*** Opening of DATA PROVIDED ***

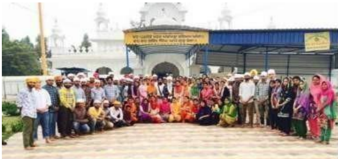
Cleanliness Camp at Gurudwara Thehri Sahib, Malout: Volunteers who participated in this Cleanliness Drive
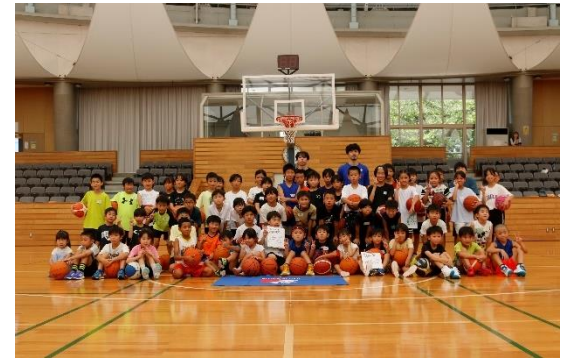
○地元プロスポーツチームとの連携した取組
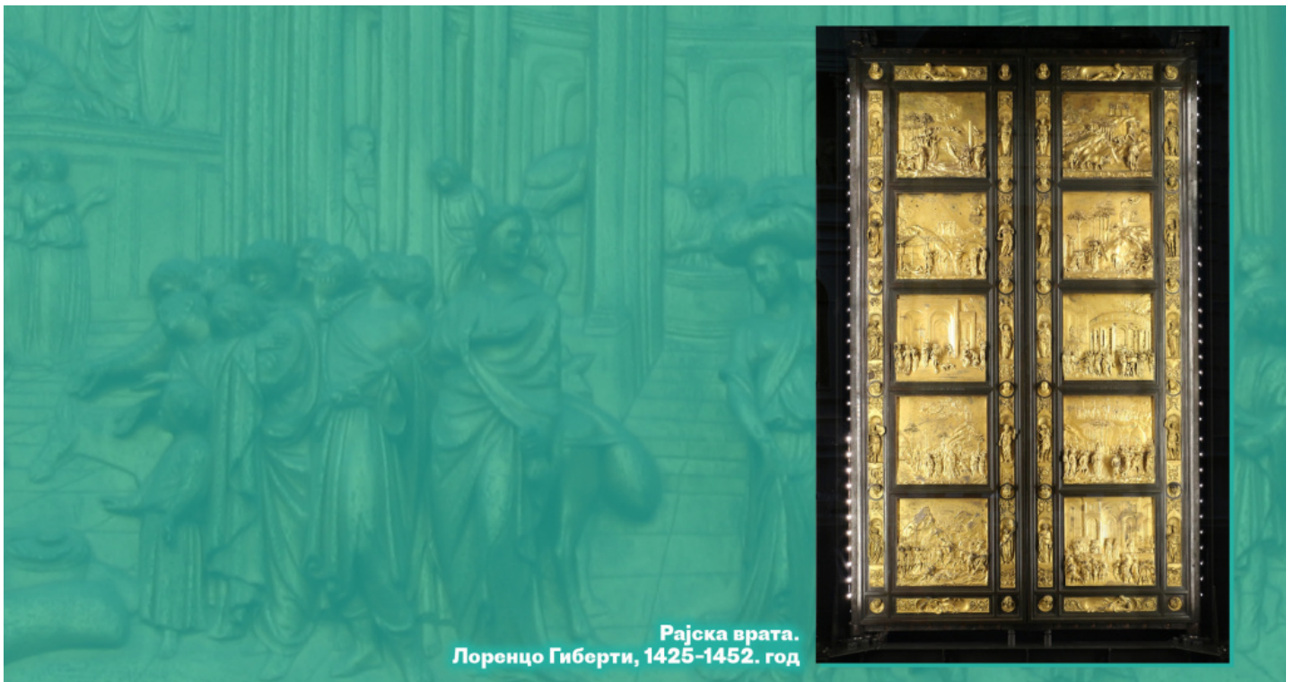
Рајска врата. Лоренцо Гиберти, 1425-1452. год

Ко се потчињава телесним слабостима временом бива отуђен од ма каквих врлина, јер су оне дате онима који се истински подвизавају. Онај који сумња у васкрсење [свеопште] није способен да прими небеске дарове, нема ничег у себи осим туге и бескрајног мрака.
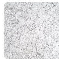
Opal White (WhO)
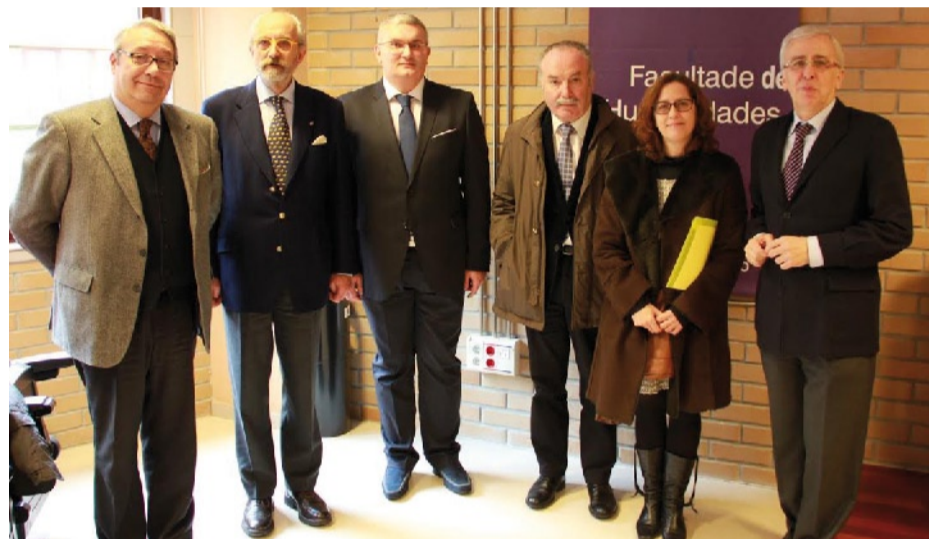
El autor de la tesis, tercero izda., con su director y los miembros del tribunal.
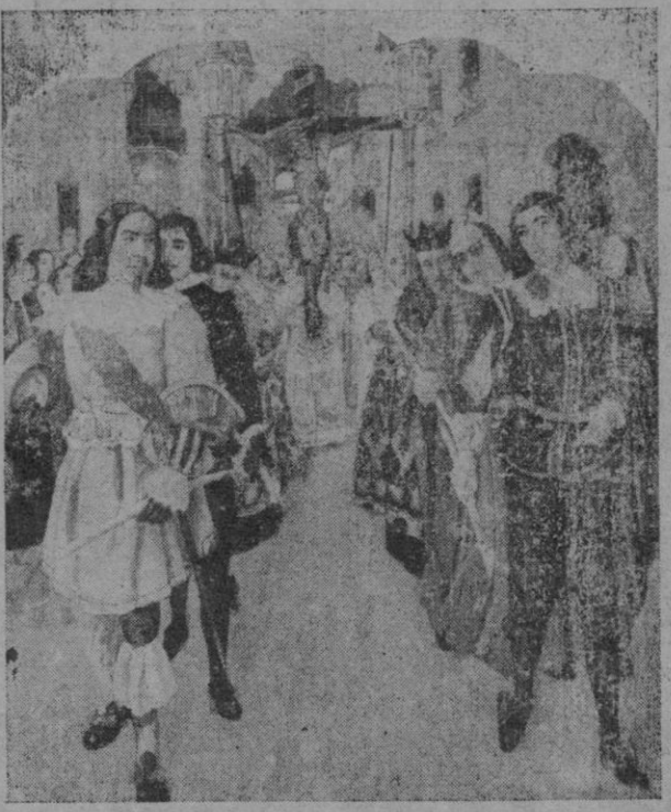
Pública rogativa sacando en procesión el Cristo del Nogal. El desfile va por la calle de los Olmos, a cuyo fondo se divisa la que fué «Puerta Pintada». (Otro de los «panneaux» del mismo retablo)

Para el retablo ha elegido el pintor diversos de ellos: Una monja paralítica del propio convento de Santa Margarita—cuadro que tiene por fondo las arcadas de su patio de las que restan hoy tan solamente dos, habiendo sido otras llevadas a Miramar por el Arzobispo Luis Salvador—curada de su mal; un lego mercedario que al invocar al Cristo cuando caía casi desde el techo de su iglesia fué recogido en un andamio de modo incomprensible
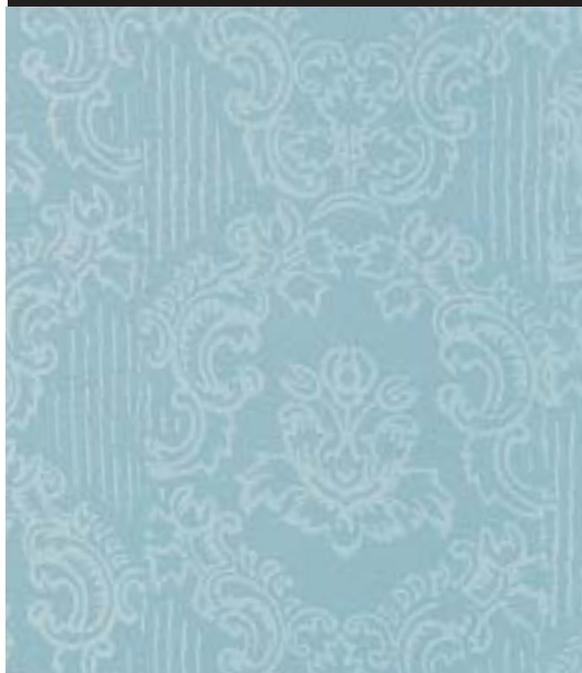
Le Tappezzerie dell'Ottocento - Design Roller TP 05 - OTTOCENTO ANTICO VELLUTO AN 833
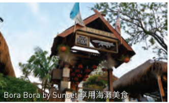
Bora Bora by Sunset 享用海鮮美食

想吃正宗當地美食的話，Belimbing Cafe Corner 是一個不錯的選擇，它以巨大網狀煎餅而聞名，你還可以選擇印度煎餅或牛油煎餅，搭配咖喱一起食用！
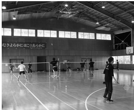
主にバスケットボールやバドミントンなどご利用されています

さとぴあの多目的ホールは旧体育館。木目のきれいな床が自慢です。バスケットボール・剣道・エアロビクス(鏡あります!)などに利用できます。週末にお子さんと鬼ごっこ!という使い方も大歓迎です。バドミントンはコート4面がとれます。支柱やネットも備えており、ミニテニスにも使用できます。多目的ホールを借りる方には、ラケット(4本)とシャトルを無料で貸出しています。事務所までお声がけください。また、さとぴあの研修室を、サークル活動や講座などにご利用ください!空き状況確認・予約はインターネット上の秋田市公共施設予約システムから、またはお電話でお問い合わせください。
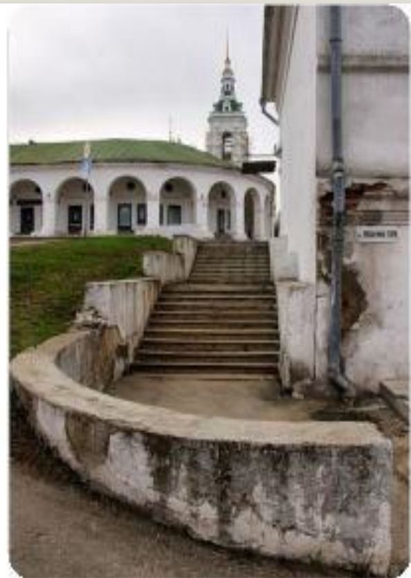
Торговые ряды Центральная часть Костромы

*** Close of DATA PROVIDED ***
*** Opening of DATA PROVIDED ***

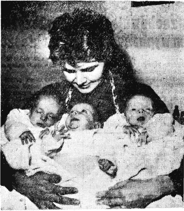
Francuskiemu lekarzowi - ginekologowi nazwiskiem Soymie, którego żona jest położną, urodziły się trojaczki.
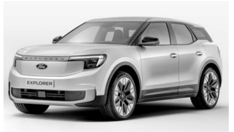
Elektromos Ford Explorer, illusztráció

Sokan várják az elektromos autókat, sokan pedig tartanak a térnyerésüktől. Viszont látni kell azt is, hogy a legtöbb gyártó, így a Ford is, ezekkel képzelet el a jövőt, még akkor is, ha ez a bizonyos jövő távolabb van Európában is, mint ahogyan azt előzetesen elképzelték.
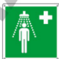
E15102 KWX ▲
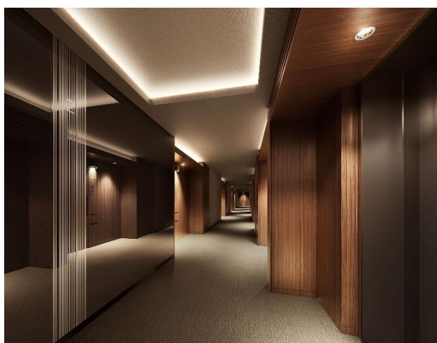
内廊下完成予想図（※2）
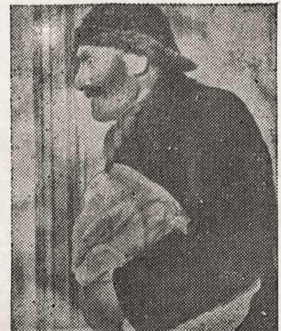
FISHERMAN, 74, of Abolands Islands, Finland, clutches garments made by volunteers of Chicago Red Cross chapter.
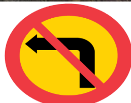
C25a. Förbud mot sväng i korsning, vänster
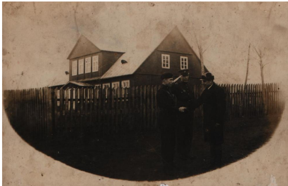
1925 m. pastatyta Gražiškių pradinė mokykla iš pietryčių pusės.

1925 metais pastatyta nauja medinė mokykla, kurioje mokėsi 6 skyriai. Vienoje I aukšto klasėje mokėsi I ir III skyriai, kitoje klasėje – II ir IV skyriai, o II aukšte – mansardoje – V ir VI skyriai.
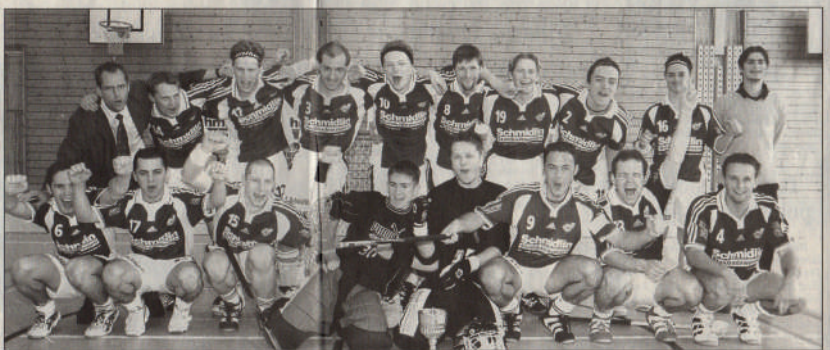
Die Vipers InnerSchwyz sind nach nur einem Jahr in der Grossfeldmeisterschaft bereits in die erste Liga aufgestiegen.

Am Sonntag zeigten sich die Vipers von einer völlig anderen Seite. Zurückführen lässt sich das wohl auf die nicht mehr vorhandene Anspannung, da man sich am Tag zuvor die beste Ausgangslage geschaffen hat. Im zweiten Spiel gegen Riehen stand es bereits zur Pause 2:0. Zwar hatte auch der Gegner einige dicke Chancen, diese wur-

*** Close of DATA PROVIDED ***

REQUIRED ACTION: From the line holding "Cleanliness Camp at" to the line holding "Opal White (WhO)", both included, retype the entries above exactly and drop the pictures.

RESULT FOR THIS TASK:
Cleanliness Camp at Gurudwara Thehri Sahib, Malout: Volunteers who participated in this Cleanliness Drive
○地元プロスポーツチームとの連携した取組
Рајска врата. Лоренцо Гиберти, 1425-1452. год

Ко се потчињава телесним слабостима временом бива отуђен од ма каквих врлина, јер су оне дате онима који се истински подвизавају. Онај који сумња у васкрсење [свеопште] није способен да прими небеске дарове, нема ничег у себи осим туге и бескрајног мрака.
Opal White (WhO)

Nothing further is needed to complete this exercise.